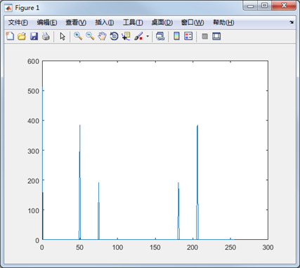 Fs = 256; % 采样率 N = 256; % 采样点数 n = 0:N-1; % 采样序列 t = 0:1/Fs:1-1/Fs; % 时间序列 x = square(2*pi*30*t, 50); %原始信号 y = fft(x); %对原始信号做FFT变换 M = abs(y); %求FFT转换结果的模值 plot(n, M); %绘制FFT转换模值的曲线
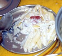 ゆでたペンネにパンに塗って焼く用のマヨネーズ(コショウ入り)をあえたら出来上がり。 |
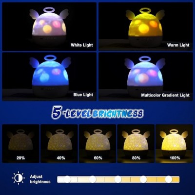 • Ritual Nocturno Personalizado: Cuatro suaves colores de luz y cinco niveles de brillo ajustables crean un acogedor ambiente pre-sueño. Equipada con 20 suaves canciones de cuna, nuestra lampara niños dormir proporciona una atmósfera cómoda y cálida adecuada para la iluminación y música de fondo de cuentos antes de dormir
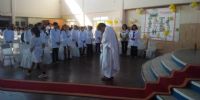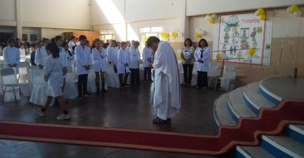 En el patio interno se preparó el altar donde se celebró la Santa Misa de despedida de las promociones 2019, tanto de la escuela secundaria como de la primaria, que acercaron sus ofrendas.
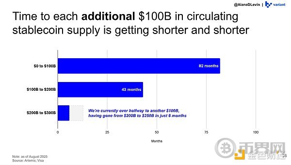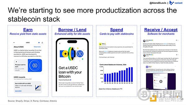 稳定币已实现爆发式增长,并贯穿三条S曲线:新发行(资产创造)正以创纪录速度推进,入金渠道(资产积累)日益多元,且稳定币应用场景(资产利用)持续扩展。该品类具有强大的网络效应——流通量越大,实用价值越高。同理,持有稳定币的实体越多,围绕这些资产构建产品与服务的能力就越强。目前已在支付、收益产品(如借贷协议)及交易所等领域显现稳定币产品化红利。但我们认为,三重S曲线仍存在广阔的创新空间。
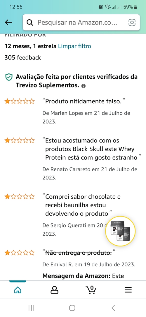 creatina por marketplace é complicado.. a não ser que se conheça a loja, que tenha uma boa reputação. Na dúvida, quem comprar, sugiro enviar as informações do rotulo para a Max confirmar se o lote é original
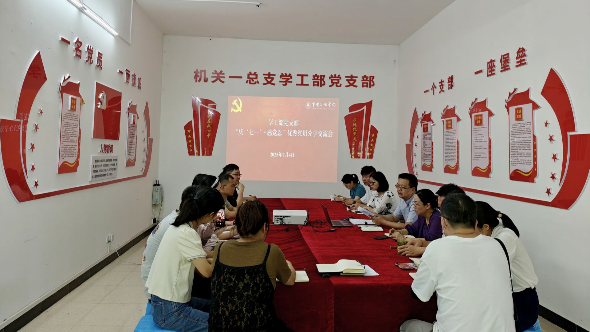 为庆祝中国共产党成立104周年,7月4日,学工部党支部在众创空间102会议室开展“庆‘七一’·感党恩”优秀党员分享交流会。
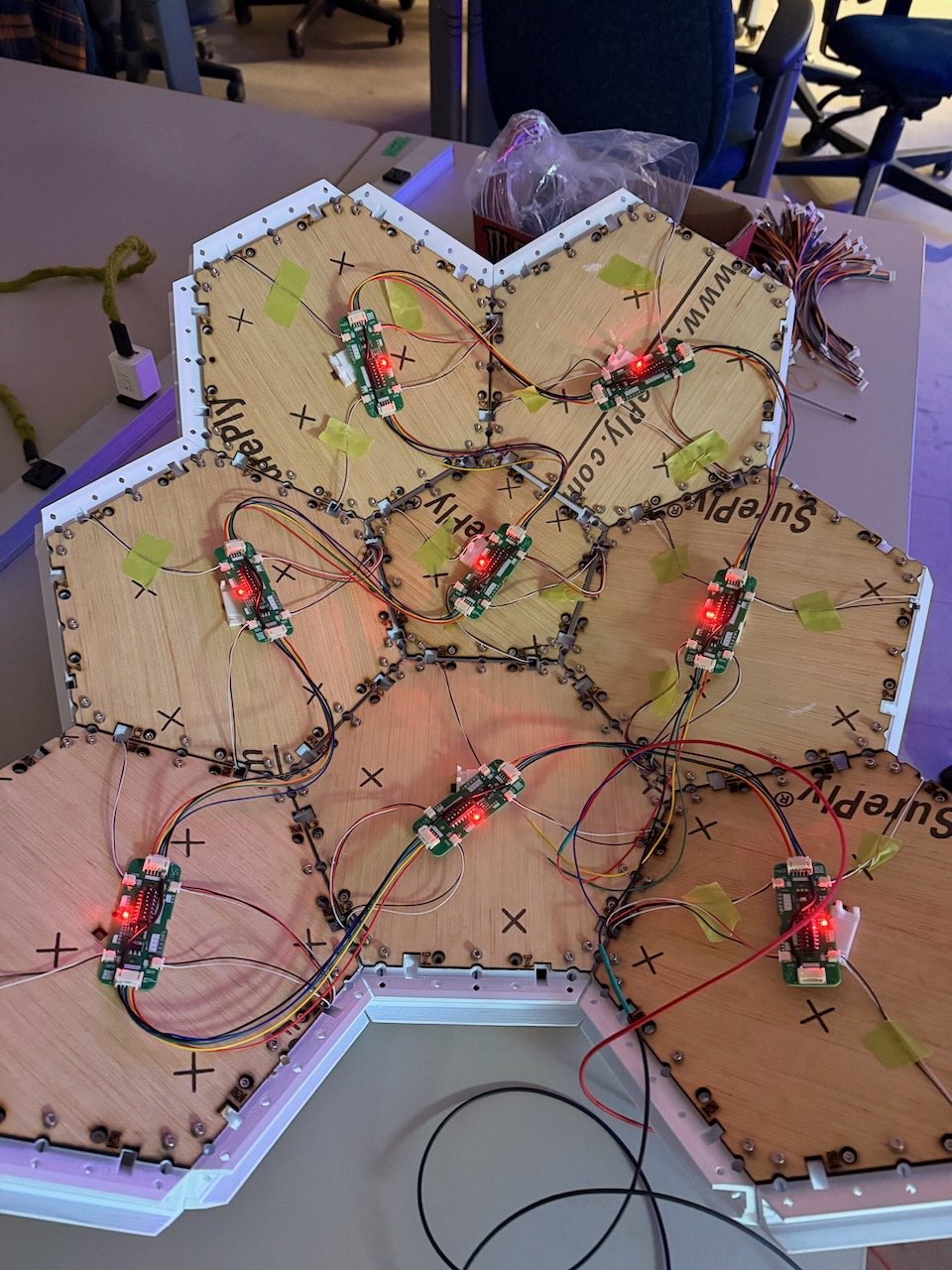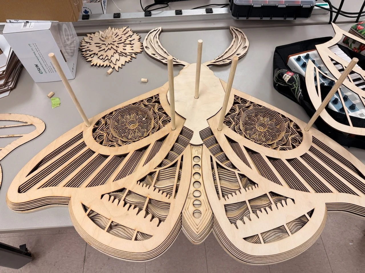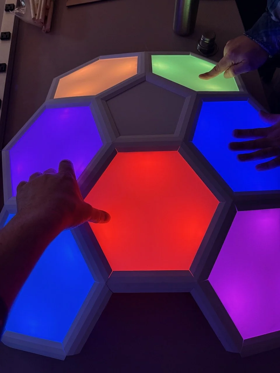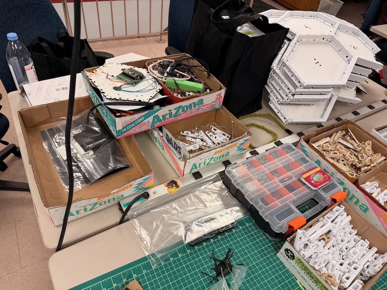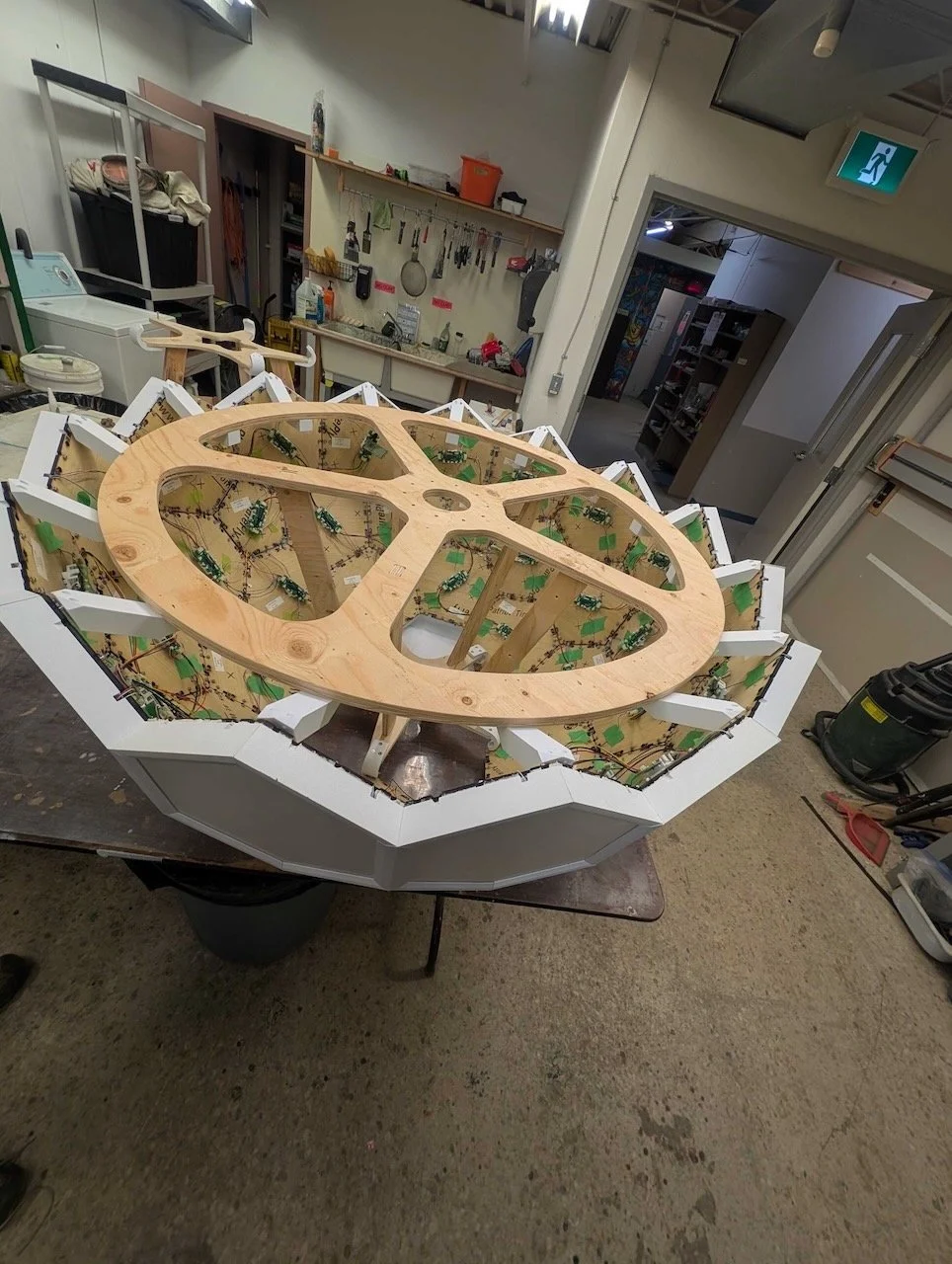 Here’s a short video of the moon under construction. We assemble the moon in panels of 8 cells. There are 10 total panels on the whole moon plus two additional panels on the top and bottom.

The problem: Write the lines above out again exactly, without any of their pictures.

Solution to the problem:
 Fs = 256; % 采样率 N = 256; % 采样点数 n = 0:N-1; % 采样序列 t = 0:1/Fs:1-1/Fs; % 时间序列 x = square(2*pi*30*t, 50); %原始信号 y = fft(x); %对原始信号做FFT变换 M = abs(y); %求FFT转换结果的模值 plot(n, M); %绘制FFT转换模值的曲线
 ゆでたペンネにパンに塗って焼く用のマヨネーズ(コショウ入り)をあえたら出来上がり。 |
 • Ritual Nocturno Personalizado: Cuatro suaves colores de luz y cinco niveles de brillo ajustables crean un acogedor ambiente pre-sueño. Equipada con 20 suaves canciones de cuna, nuestra lampara niños dormir proporciona una atmósfera cómoda y cálida adecuada para la iluminación y música de fondo de cuentos antes de dormir
 En el patio interno se preparó el altar donde se celebró la Santa Misa de despedida de las promociones 2019, tanto de la escuela secundaria como de la primaria, que acercaron sus ofrendas.
 稳定币已实现爆发式增长,并贯穿三条S曲线:新发行(资产创造)正以创纪录速度推进,入金渠道(资产积累)日益多元,且稳定币应用场景(资产利用)持续扩展。该品类具有强大的网络效应——流通量越大,实用价值越高。同理,持有稳定币的实体越多,围绕这些资产构建产品与服务的能力就越强。目前已在支付、收益产品(如借贷协议)及交易所等领域显现稳定币产品化红利。但我们认为,三重S曲线仍存在广阔的创新空间。
 creatina por marketplace é complicado.. a não ser que se conheça a loja, que tenha uma boa reputação. Na dúvida, quem comprar, sugiro enviar as informações do rotulo para a Max confirmar se o lote é original
 为庆祝中国共产党成立104周年,7月4日,学工部党支部在众创空间102会议室开展“庆‘七一’·感党恩”优秀党员分享交流会。
 Here’s a short video of the moon under construction. We assemble the moon in panels of 8 cells. There are 10 total panels on the whole moon plus two additional panels on the top and bottom.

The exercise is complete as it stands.